Coming back around to where I had started, I found myself still captivated by the view of Terry's 20 foot installation hanging from the ceiling and touching the floor. It seemed to go from dark to light and from full to more airy. Inspecting it more closely, you can see that it is made up of strands of white strings -1200 of them to be exact- with 60,000 large nails and various sizes and colors of metal letters appearing to be tangled within them.

Oddly enough, it was very peaceful. Despite the visual tangle I expected and the harsh assumption of nails as a material, there was something calm about it. I walked around, wondering what the letters were for. Did they spell something out? It didn't seem so. Did they serve a purpose? Could they be gone and still give me the same effect? I walked around the piece several times, noticing the color and density range from different angles. 

I'm generally a fast walk-through kind of viewer. Artists hate me, I'm sure. I have to have something to pull me in and make me want to spend more time, or I'm moving on to the next thing. Terry's piece and High Five, however, had me there for the entire night. My goal was to find one piece that I wanted to spend time seeing, looking, thinking... and then writing about. I found plenty that I could have told you about, but in talking with Terry about her work, the theme of the piece seemed a good one in the middle of the first crazy night of art viewing that is ArtPrize.

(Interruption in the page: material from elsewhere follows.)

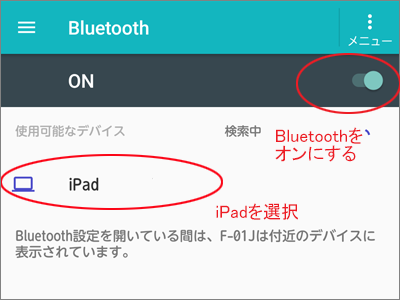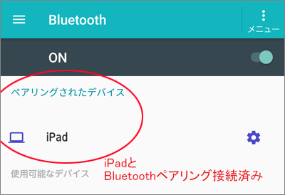 ※使用可能なデバイス(例では iPad)は、タブレット側のBluetoothがオンになった後に表示されます。

Terry's work is inspired by poet Arthur Rimbaud's poem "A Season in Hell," and more specifically by a certain line that says, "I fix frenzies in their flight." 

"For Arthur Rimbaud, his power was in his words. It was in the consonants and the vowels; it was in the language. For me? I am not a poet. I build things, I construct things," she says. So for Terry, nails-the tools with which she builds things-became her frenzy that she had to fix in their flight. The challenge, she says, is in working in a way that can quiet an unstoppable force- that can stop the very thing that wants to be a frenzied tangled mess.

"Each one of those nails is a hook," says Terry. "Everything is monotonous, it's time consuming, and you have to surrender to the process-or else you will be part of the whirlwind, you will be part of the frenzy."

As I head into the season of ArtPrize, Terry's words about her own piece seem emblematic of the entire ArtPrize experience.

"In order to be able to still it, you have to surrender to it."